To payment TO MARX £234-14-9 " " " do " 350-0-0 " " " do " 200-0-0 " " " do " 40-0-0

£824-14-9

" to Borchardt £ 100-0-0 " Schiller Institute[12] " 100-0-0 " Engels " 100-0-0 " Wood, Solicitor " 150-0-0 fPayment to LANDLORD " 13-4-9 Paid funeral expenses " 57-11-0 by Borchardt M of 2 bills " 1-2-4 by Borchardt % of PROBATE DUTY " 30-0-0

1,376-12-10

Balance 8-4-2


There is also a certain amount in interest I have got to make over to you for the period from 9 November (when I received the balance of approx. £633 from Steinthal but only sent you £200 in the first place and also held back other payments). I can't attend to it today as the cashier has already left and locked away the relevant book; you will receive it along with Wood's statement of account; but it won't be much. Most of the interest due arose from the fact that the £633 remained with Steinthal from May until November, which produced approx. £16 extra for you.

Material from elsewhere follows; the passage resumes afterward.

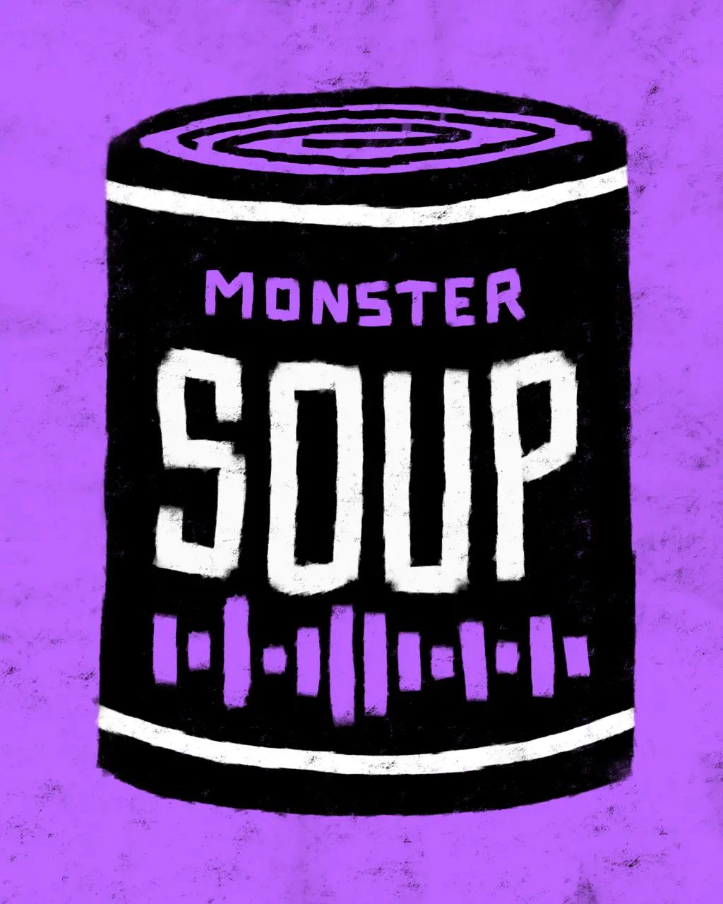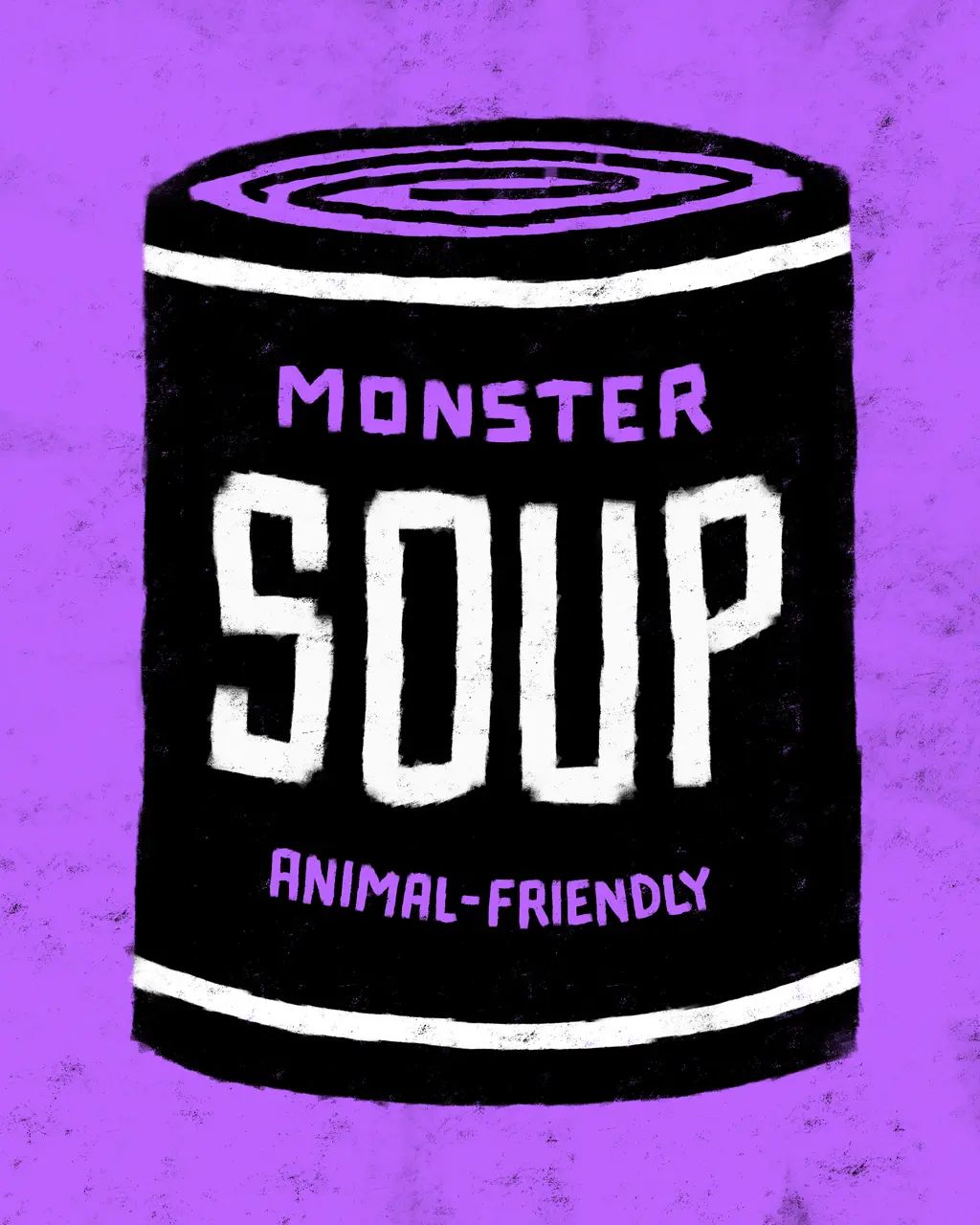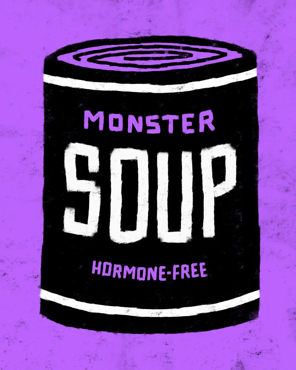 Monster Soup by Des Lucréce presents 100 different varieties of soup cans, each featuring Lucréce’s renown “Monsters” theme, available in his four signature colors.

  1. The original has: February.
  2. From the Social-Demokrat.
  3. K. Marx and F. Engels, 'To the Editor of the Social-Demokrat.'
  4. F. Engels, The Prussian Military Question and the German Workers' Party.
  5. Die Rheinische Zeitung.
  6. In its issue No. 31 of 8 March 1865, Der Social-Demokrat published the statement by Georg Herwegh and Friedrich Wilhelm Rüstow of their refusal, following Marx and Engels, to contribute to this newspaper. Commenting on the statement, Schweitzer distorted Marx's and Engels' attitude to Lassalle and falsified the reasons for their withdrawal from the editorial board of Der Social-Demokrat. To prove that Marx and Engels were allegedly inconsistent and their actions unjustified, Schweitzer quoted Karl Blind's article published in the Neue Frankfurter Zeitung, No. 64, 5 March 1865.
  7. Der Deutsche Eidgenosse.
  8. No figure in the original.
  9. Sophie von Hatzfeldt.
  10. F. A. Lange, Die Arbeiterfrage in ihrer Bedeutung für Gegenwart und Zukunft.
  11. It is clear from Schily's letter to Marx of 25 February 1865, and the 'Private Instruction to Schily' extant in Marx's notebook (see present edition, Vol. 20, p. 83), that Marx's instructions were aimed at finding such a way of settling the conflict in the Paris organisation of the International Association that would strengthen the position of the Paris Section's Administration and help draw into the International those workers who were still under the influence of bourgeois republicans (participants in the co-operative movement, and so on).
  12. The Schiller Institute, founded in Manchester in November 1859 in connection with the centenary of Friedrich Schiller's birth, strove to be a German emigre cultural and social centre. Engels was critical of the Institute, noted for its tendency to formalism and pedantry, and he initially kept aloof from it. But when certain changes were introduced into its Rules, he became a member of its Directorate in 1864. Later, as the President of the Institute, Engels devoted much time to it and exercised a considerable influence on its activities.
    In September 1868, while Engels was away from Manchester, the Institute invited Karl Vogt, who was connected with the Bonapartists and was slandering the proletarian revolutionaries, to deliver a lecture. Engels felt that his political reputation would be compromised if he remained President and so he left the Directorate. In April 1870 he was again elected a member of the Directorate of the Schiller Institute, but did not take an active part in it.